While deliberating buying the book, I came across many reviews giving the impression that this was an upper-tier book meant only for those already well-versed in bayesian inference, information theory, and machine learning. Fortunately for me (having purchased it for ~50$), I have been gliding along at quite an easy pace. Already I've learnt about hamming codes and the formulas & axioms (interestingly formulated!) of bayesian probability theory. The treatment probably isn't the most sophisticated, I'm sure, but for me at least it's a good enough fit.
I think my apparent ease might have to do with the fact that I've been doing a lot of abstract math recently (axiomatic set theory, differentiable manifolds, lin alg), and to me, this goes to show how powerful math is as a language. (People say it is a universal language, and it is in this sense: once we understand, we rarely have room for mis- or non- understanding).
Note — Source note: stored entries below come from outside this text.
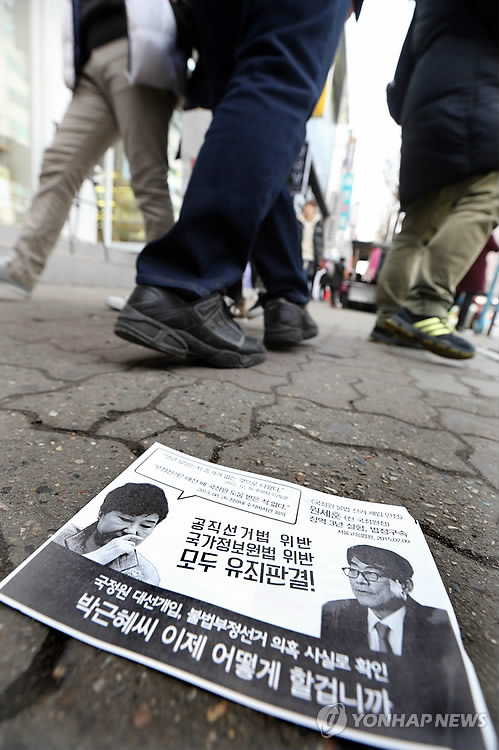 | △ 신촌 일대에 살포된 박 대통령 규탄 전단지 (서울=연합뉴스) 김수진 기자 = 박근혜 대통령 취임 2주년을 맞은 25일 오후 서울 마포구 신촌역 일대에 '민주주의를 염원하는 시민들' 명의로 살포된 박 대통령을 규탄하는 내용의 전단지가 바닥에 떨어져 있다. 2015.2.25 ksujin@yna.co.kr |
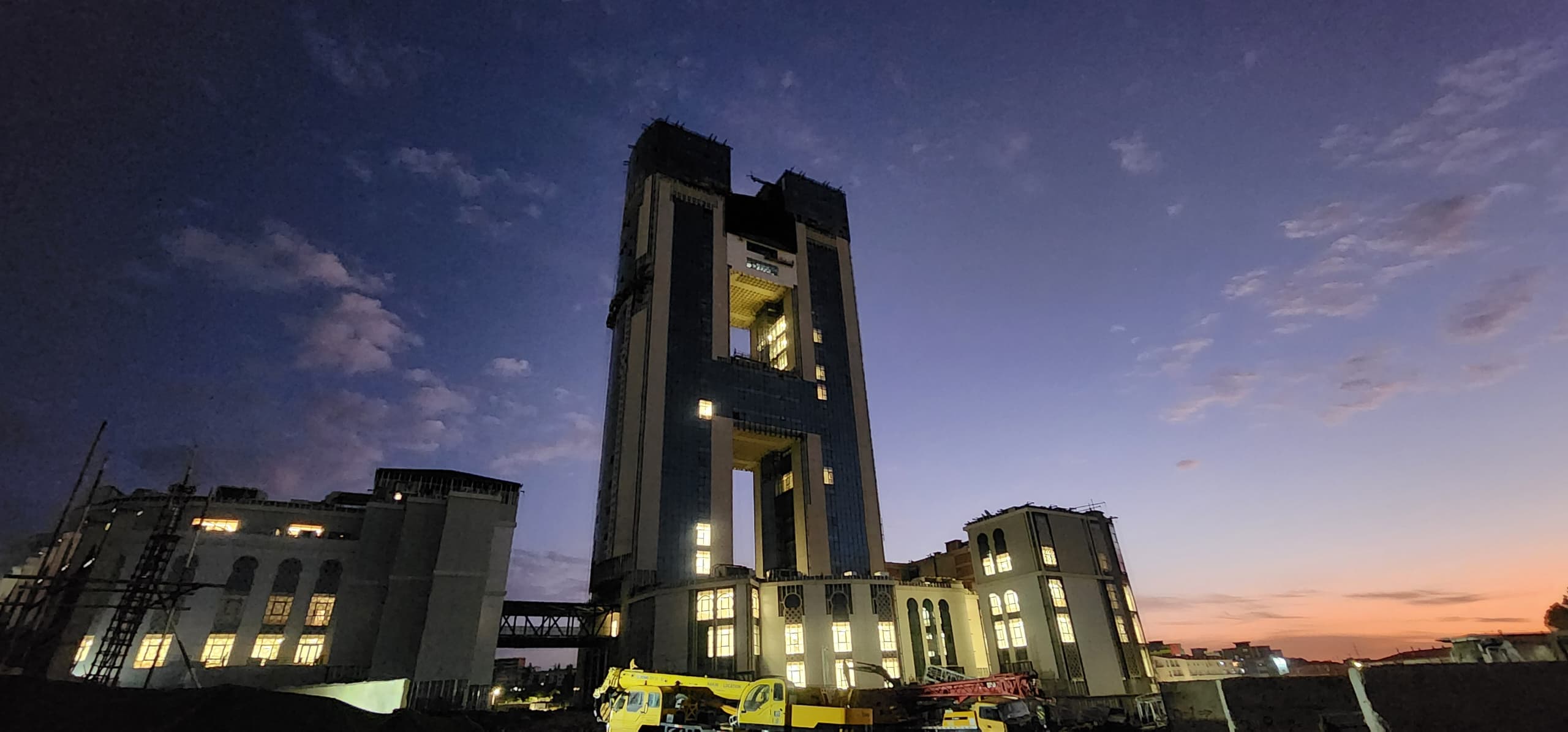 وحسب ذات البيان، انتقل الوزير الى الطوابق العلوية أين يتواجد المرصد والذي يعرف نسبة إنجاز حسنة.
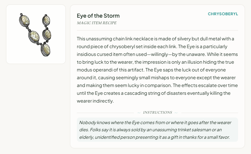 But wait, we're not done! We are also planning on bringing into the Natural World Library app the contents of our Alchemist's Toolkit: a system-neutral ruleset for potion-making, magical reagents, and alchemical processes. For now, you can get a PDF copy of the toolkit on DriveThruRPG. We'll keep adding content both to that PDF and to the web app version!
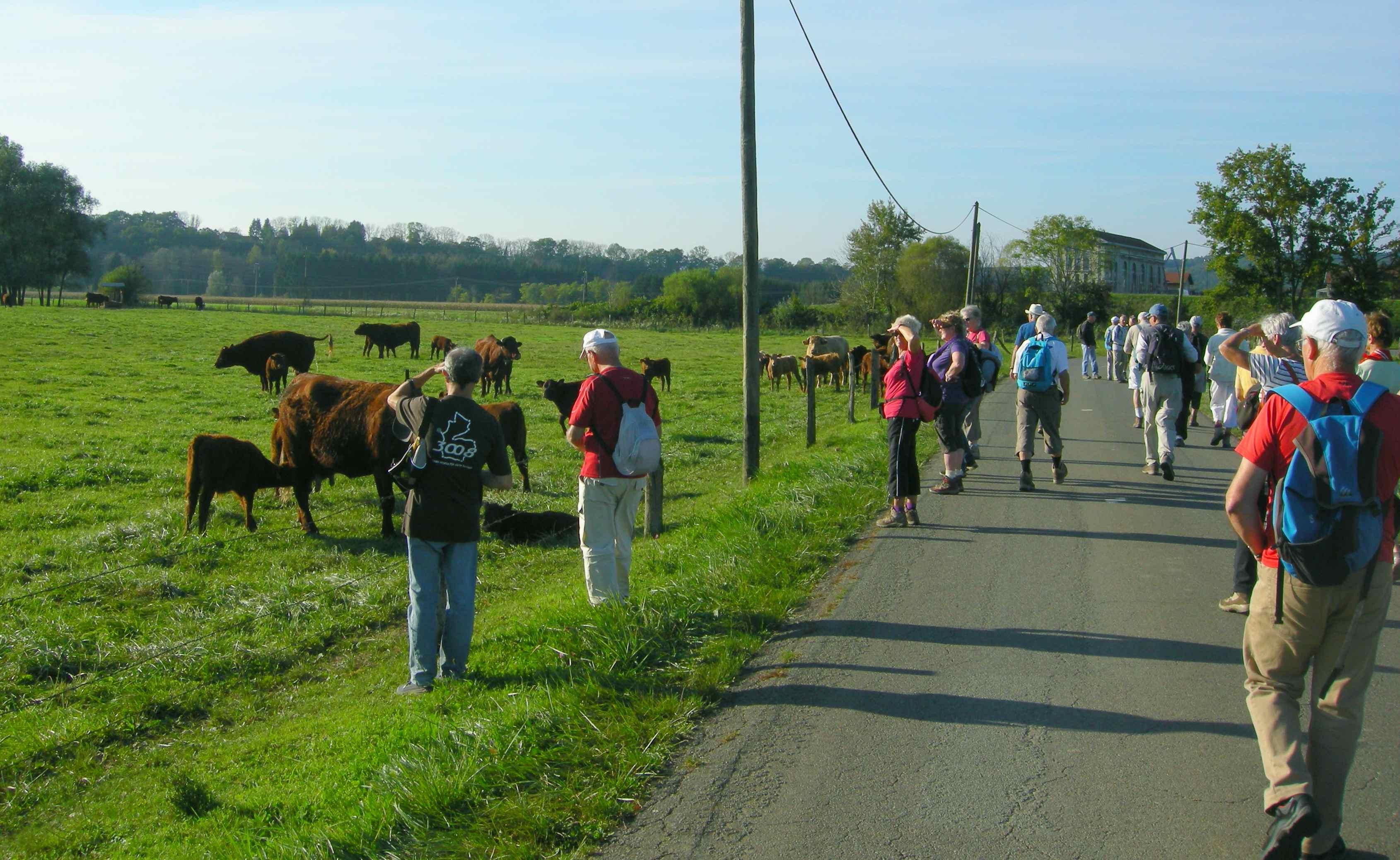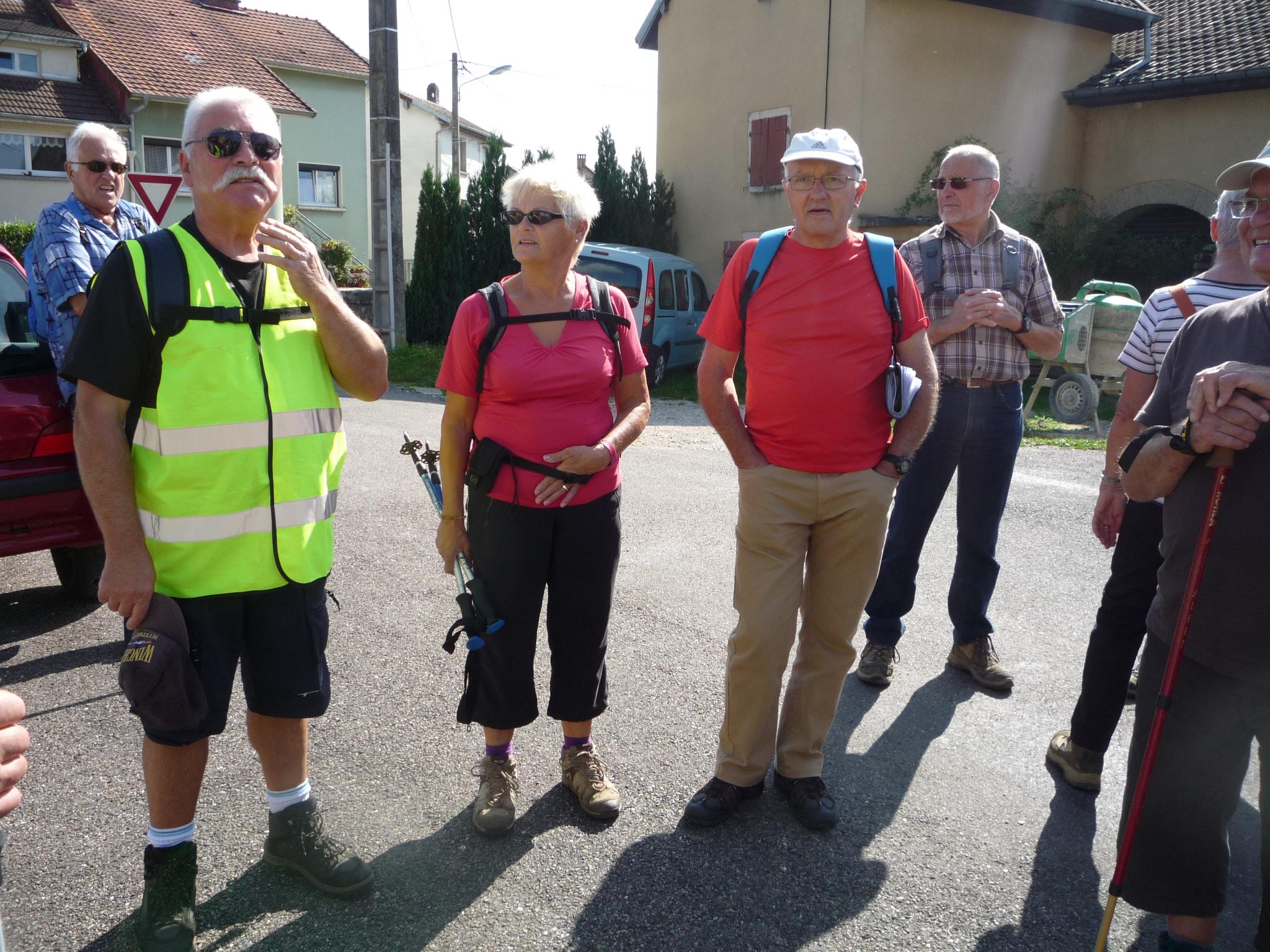 Sur le parking de la mairie de Médière, nous retrouvons Michel et Pierre, nos deux guides de l’après-midi, accompagnés de Jean-Pierre qui commentera les particularités et les sites rencontrés tout au long cette randonnée découverte.
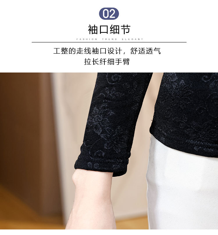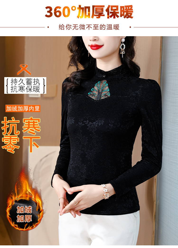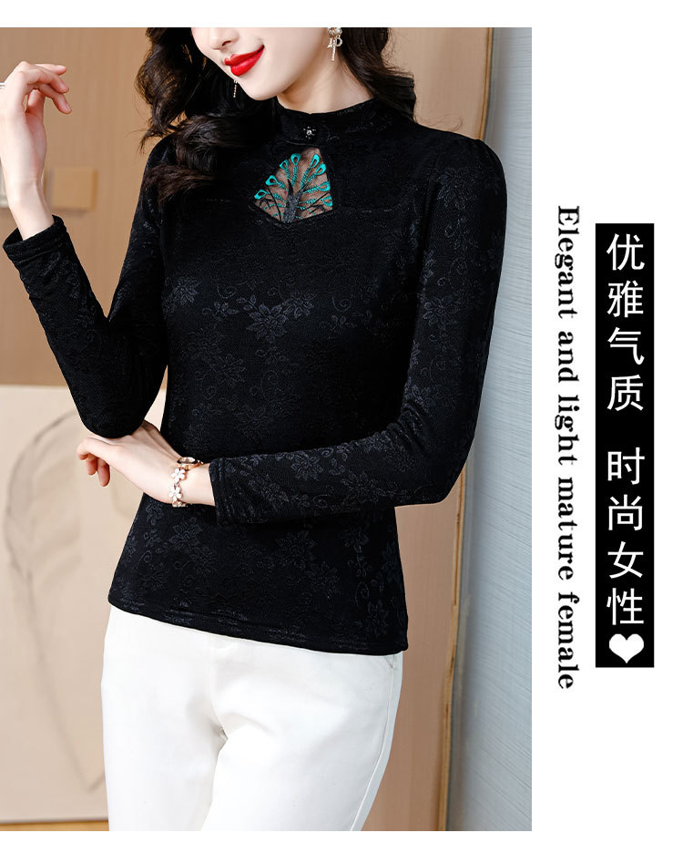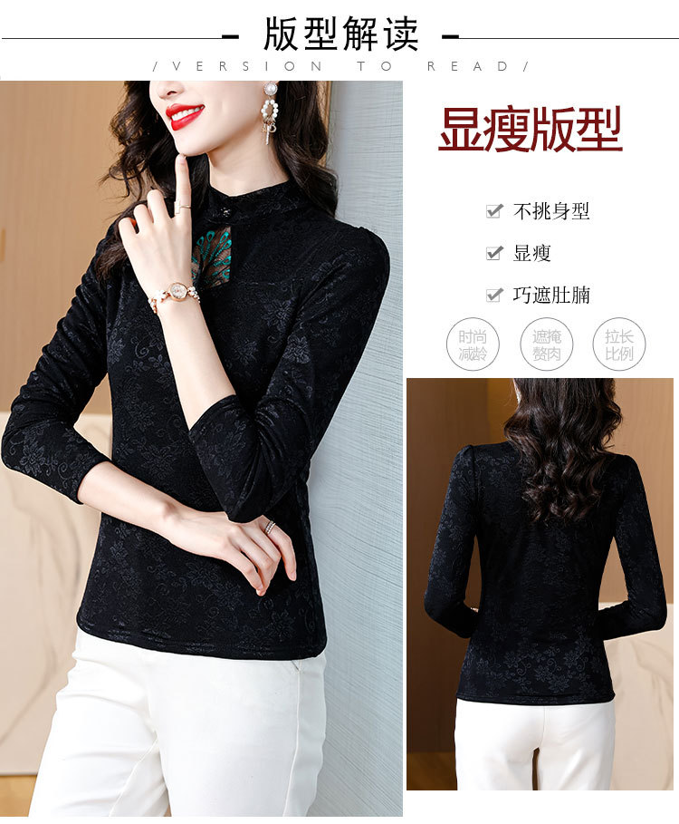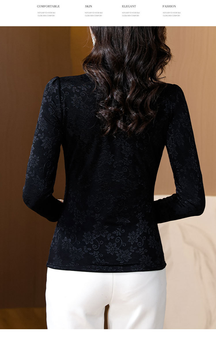 蕾丝打底衫内搭,新款气质黑色打底衣长袖上衣加绒保暖小衫KQL-B41N6274
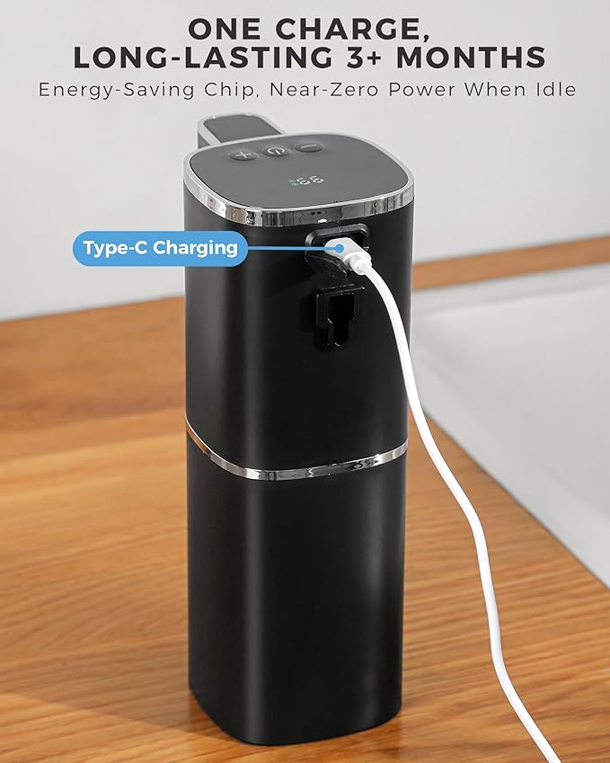 - 【IPX5 All-Environment Ready】Defends against splashes and humidity in kitchens and bathrooms. It's also a perfect touchless soap dispenser for public places like offices, hospitals, hotels, schools and restaurants.
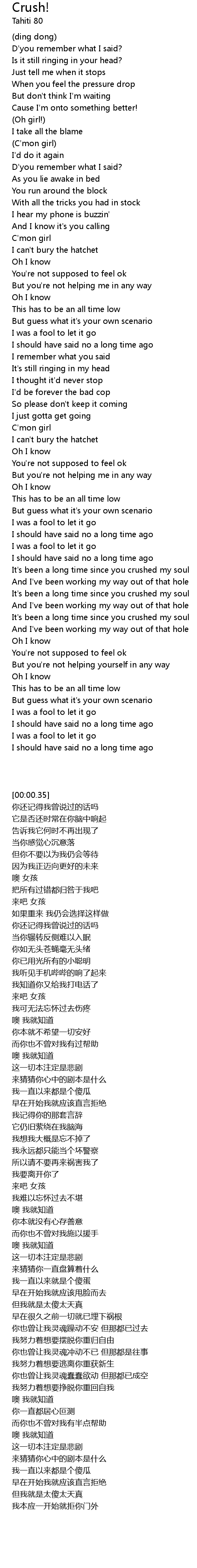 | [02:14.91] | It's been a long time since you crushed my soul |
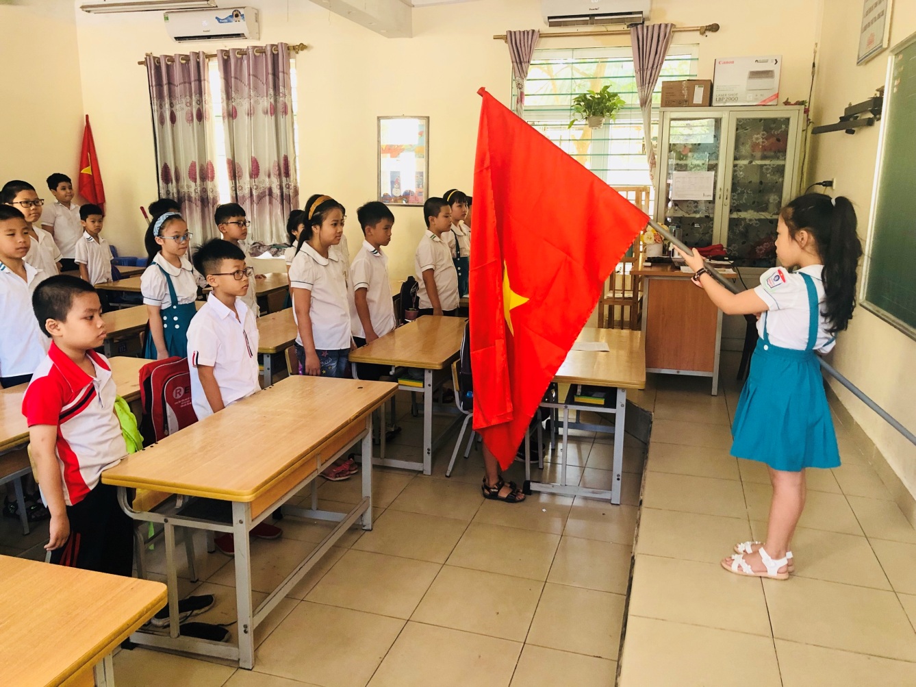 Đứng trước cờ Tổ quốc, cờ Đội, chân dung của Bác Hồ kính yêu , hơn 100 bạn đội viên mới đã cùng nhau hô vang lời hứa của người đội viên khi vinh dự được đứng vào hàng ngũ của Đội thiếu niên Tiền phong Hồ Chí Minh, đồng thời các bạn đội viên mới được tự tay mình thắt khăn quàng trên vai theo đúng nghi thức của Đội.
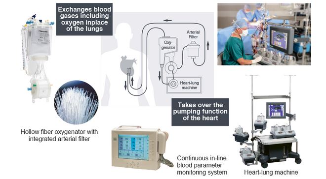 An oxygenator temporarily takes over the functions of the lungs, exchanging gases including oxygen and then returning oxygenated blood back to the patient via the cardiopulmonary bypass circuit.
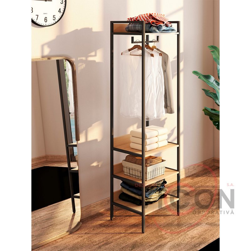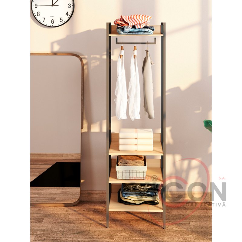 Четыре уровня позволяют аккуратно хранить вещи — от сложенной одежды до коробок, сумок или обуви. Размеры: 52 см ширина, 40 см глубина и 180 см высота делают изделие подходящим как для спален и гардеробных, так и для прихожих или коммерческих помещений.
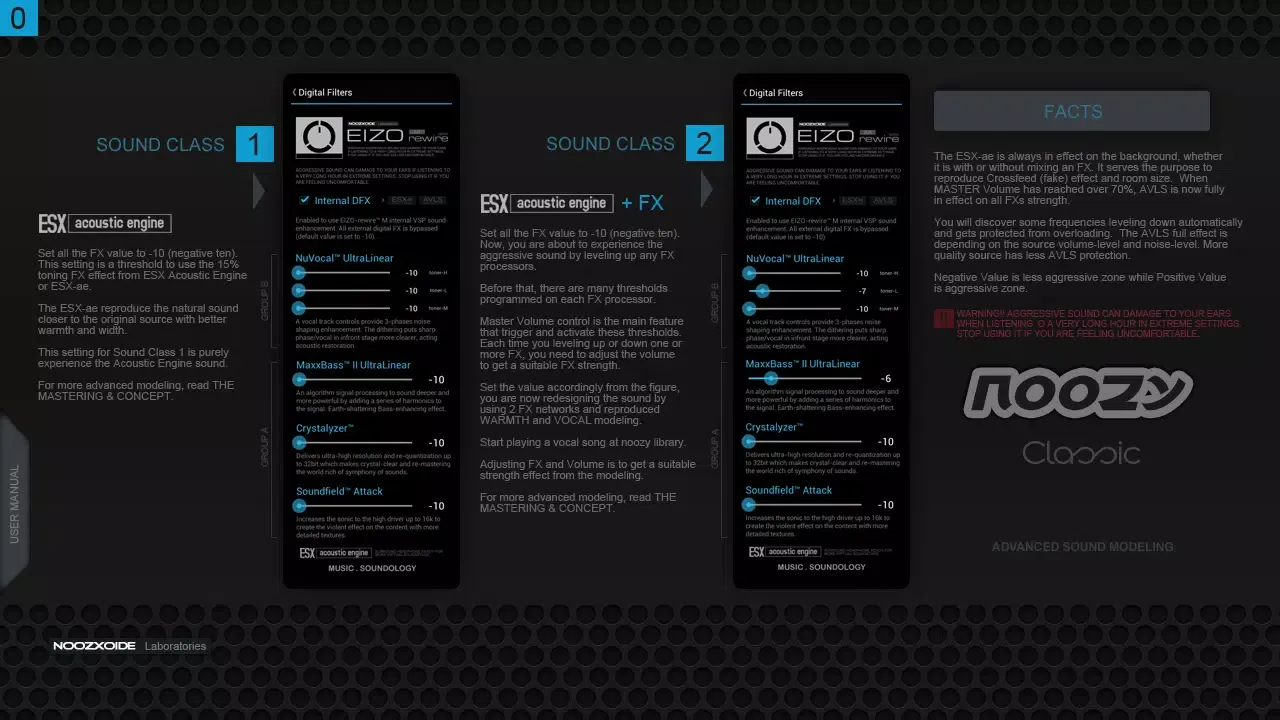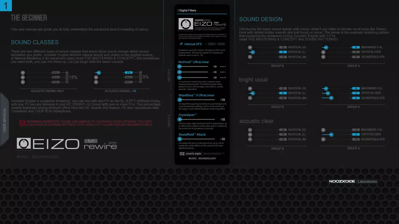 The Crystalyzer and Soundfield Attack features add depth and clarity to your music, elevating the resolution to unprecedented levels, ensuring that every note and detail is crystal-clear. The NuVocal UltraLinear function refines the vocal and phase sound, enhancing the overall acoustics and restoring the natural balance of sound. Coupled with the state-of-the-art AVLS system, which normalizes volume levels across songs without prior analysis, and acts as a smart overload protection system, the Noozy guarantees consistent and exceptional sound performance.

I have to say that it truly pays to be rigorous! (nod to Wittgenstein).
Our brains work by applying well-optimised strategies learnt in the past to new situations, and then custom-fitting this strategy as it accumulates more and more data (although some brains, noticeably adult ones, stop doing this altogether). In fact, this whole process, which can be summed under the term 'learning', is itself a strategy we have to fine-tune constantly. Given these facts, it follows that it will be immensely helpful to identify guaranteed ways of
1. 'picturing' the same thing differently (shortening the time needed to search for alternative strategies, and lending itself to psychological convenience) and of
2. equating very different notions of things by reimagining them under the same picture (allowing the quick identification of applicable strategies without reference to irrelevant details)
And math, which goes above and beyond the precision of natural language, manages this with elegance and grace.
And yet learning math takes a lot out of me, it is physically exhausting, and emotionally-dangerous to get sucked into the non-human, ruthless, high-octane world of abstract math. Yet it is only in these regions of the mind that math is doable... it requires that we rewrite our axioms of thought: there is no space for human guesses or hunches, only previously apprehended notions which must be burnt into memory. But that is its beauty, it is a world perfect in its own right.